The novel was made into a movie in 1956, starring Gregory Peck and Jennifer Jones as Tom and Betsy Rath, with Fredric March, Lee J. Cobb, Keenan Wynn and Marisa Pavan in supporting roles. (March plays Tom Rath's boss, a character based on Roy Larsen, Wilson's boss at Time, Inc.) It was entered at the 1956 Cannes Film Festival.[3]
Both movie and book became hugely popular. The novel continues to appear in the references of sociologists to America's discontented businessman. Columnist Bob Greene wrote, "The title of Sloan Wilson's best-selling novel became part of the American vernacular—the book was a ground-breaking fictional look at conformity in the executive suite, and it was a piece of writing that helped the nation's business community start to examine the effects of its perceived stodginess and sameness."[4] Historian Robert Schultz argues that the film and the novel are cultural representations of what two-time presidential candidate (1952 and 1956) Adlai Stevenson described in a 1955 commencement address to Smith College women as a "crisis" in the western world, one Stevenson defined as "collectivism colliding with individualism," the collective corporate organization of postwar social and economic life.[5] That increased corporate organization of society, Schultz notes, reduced white-collar workers' (represented by Tom Rath and the other gray-suited "yes men") control over what they did and how they did it as they adapted to the "organized system" described and critiqued by contemporary social critics such as Paul Goodman, C. Wright Mills and William H. Whyte, Jr.[6]

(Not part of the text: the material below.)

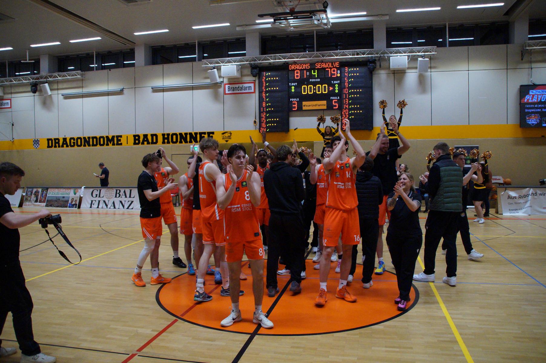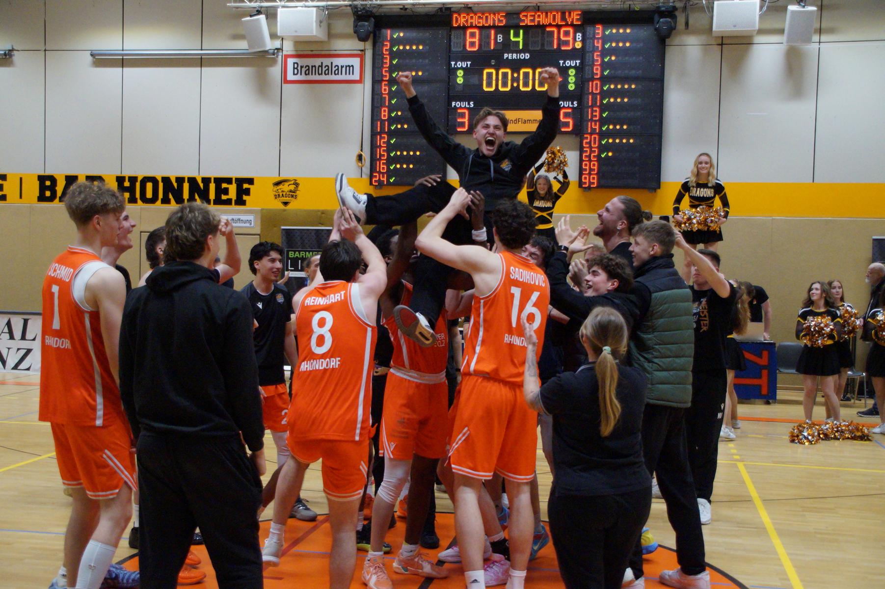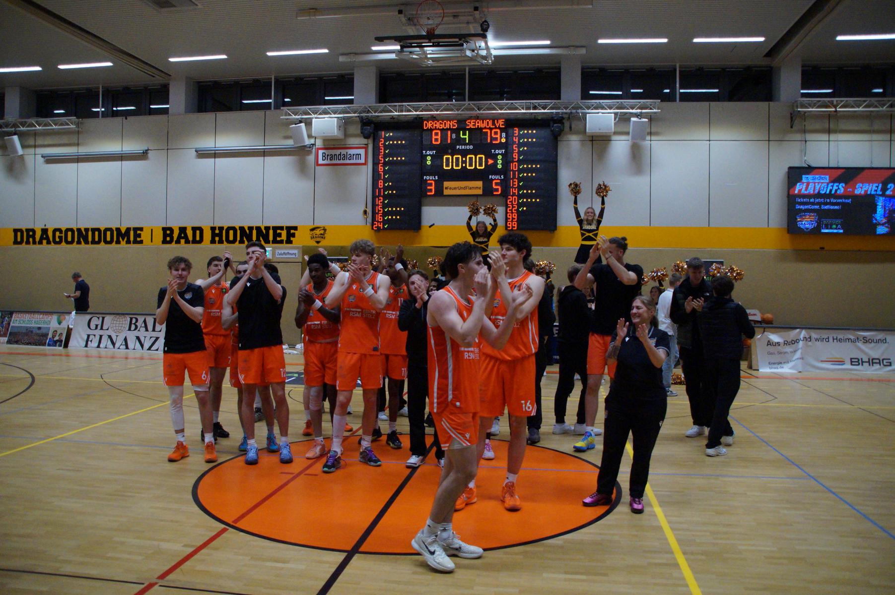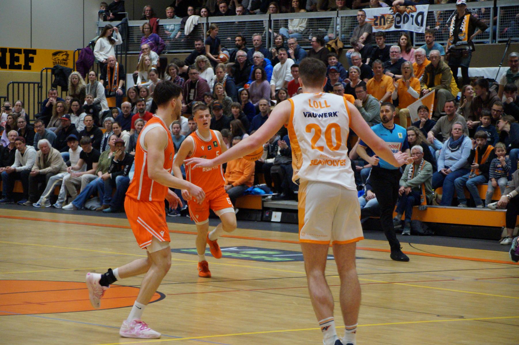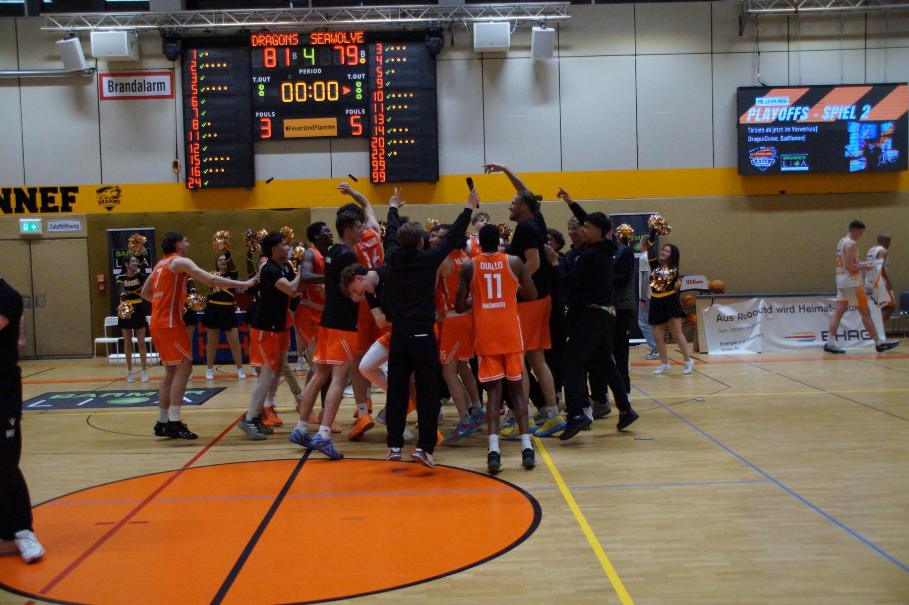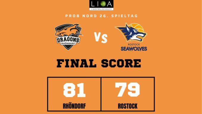 Das Finale der regulären Saison zwischen Rhöndorf und Rostock blieb nichts schuldig. Erst mit dem letzten Wurfversuch fiel die Entscheidung. Rund 915 Fans im DragonDome hielten den Atem an, aber der Wurf der Seawolfes landete den Bruchteil einer Sekunde zu spät im Korb der Hausherren. Damit war der denkbar knappe 81:79-Sieg (48:39) und die Playoff-Qualifikation der Rheinländer perfekt.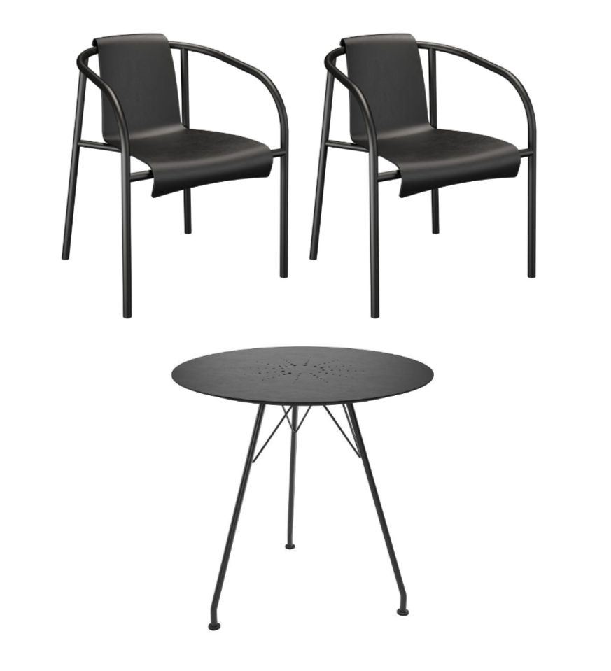 Dette havemøbelsæt består af 1x Circum havebord samt 2x NAMI havestole.

The book was re-issued in 2002, with a foreword by author Jonathan Franzen.
Plot summary
Tom and Betsy Rath live in a rundown house in Westport, Connecticut around 1953 (1955 in the movie). They have three television-addicted children (two girls and a boy) and have money problems. Tom is 33 years old, a Harvard graduate. He barely survived as an Army paratroop officer during World War II, having fought in both the European and Pacific combat theaters, during which he had an extramarital affair.
Tom has haunting flashbacks of the affair as well as his combat experiences. He killed 17 men in combat. His stay-at-home wife knows only that Tom is somehow "changed" since the war. She feels his job with a Manhattan charitable organization pays too little, so she and a fellow train commuter urge him to interview for a job at a New York-based television network.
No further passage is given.